It should be noted that the first memory 510 (e.g., NVM) and the second memory 520 (e.g., SRAM) may form a hybrid memory. The hybrid memory may be one single memory that includes both the first memory 510 and the second memory 520, which may be located on the same computing system. Alternatively, the hybrid memory may be two or more memories that includes both the first memory 510 and the second memory 520, which are discrete and separated and may be located on different or remote computing systems.
In one aspect, the “0” above the first memory 510 (e.g., NVM) and the “1” below the second memory 520 (e.g., SRAM) may be or represent the flags or indicators (representing whether they are activations (“ACT”) or weights (“W”)).
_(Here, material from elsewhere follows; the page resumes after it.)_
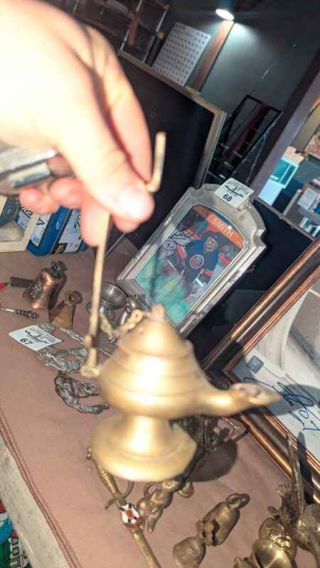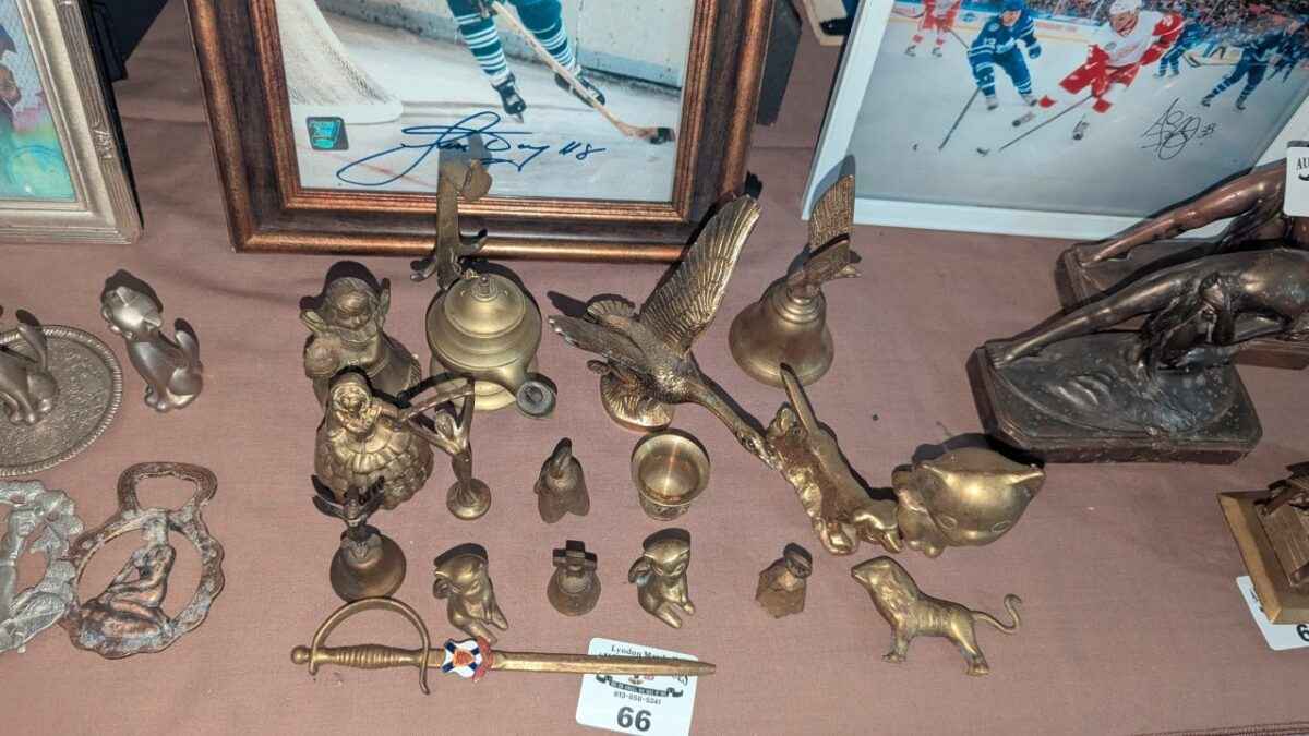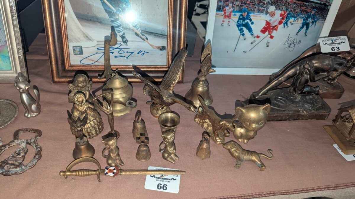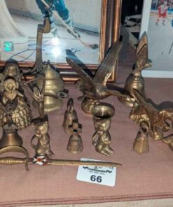 Brass bells, candle stick holders, statues, etc

If the value is ‘0’ it means the value represents a weight data structure, whereas if it is ‘1’ it would mean the value represent an activation. This indicator may assist the controller to identify weights from activations and accordingly redirect/reroute to the right destination, i.e. NVM or CMOS.
In operation each read (“RD”) and each write (“WR”) may be controlled by the hybrid controller 540. That is, the hybrid controller 540 may determine and distinguish between the weights and activations of the data structures (“DS”). For example, the hybrid controller 540 may, for each RD, store (reads) the model parameters to (and from) an NVM-based memory or “NVM” 510. The hybrid controller 540 may use the CMOS-based memory (e.g., second memory 520 (e.g., SRAM)) to store output activations to the CMOS-based memory (e.g., second memory 520 (e.g., SRAM)). In an additional aspect, the RD and WR represents the read and write operation and depicts the act of reading and writing to the memories (e.g., NVMs will always be just read, while SRAM could be read or written). That is, output activations (“ACT”) are both read and written, while weights (“W”) are just read.
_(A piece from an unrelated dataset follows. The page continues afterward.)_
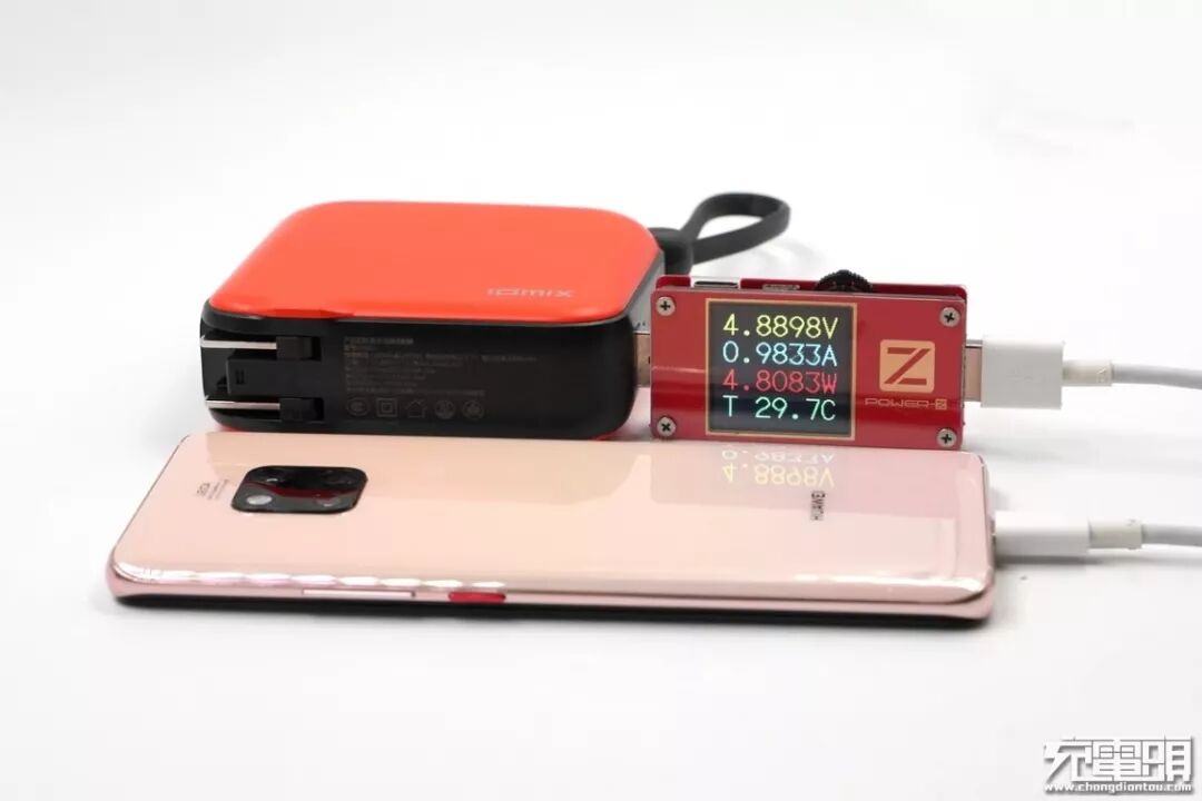 使用移动电源的USB-A接口对华为Mate20 Pro进行充电,当前电压为4.88V,当前电流0.98A,功率为4.80W。

In one aspect, the hybrid memory (e.g., the first memory 510 and the second memory 520) may include memory types that form one single memory such as, for example, a single, hybrid memory in a single computing system. Alternatively, the hybrid memory (e.g., the first memory 510 and the second memory 520) may include one or more memory types that are distinct and separated from each other such as, for example, in different computing systems.
In one aspect, the hybrid memory may be comprised of elements such as, for example, SRAM. The first memory 510 (e.g., NVM-based memory) include elements including, but not limited to, magnetorestive random-access memory (“MRAM”), memristor, resistive RAM (“RRAM”), conductive fridging (“CBRAM”), or phase change memory (PCM) elements. Thus, the hybrid controller 540 may provide for dynamic (programmable) allocation and partitioning of the hybrid memory (e.g., the first memory 510 (e.g., NVM) and the second memory 520 (e.g., SRAM) for model parameters and output activations. In an additional aspect, one or more compute cores such as, for example, compute core 530 may be provide for DNN with dynamic (programmable) allocation and partitioning of the hybrid memory for model parameters and output activations between one or more compute cores such as, for example, compute core 530.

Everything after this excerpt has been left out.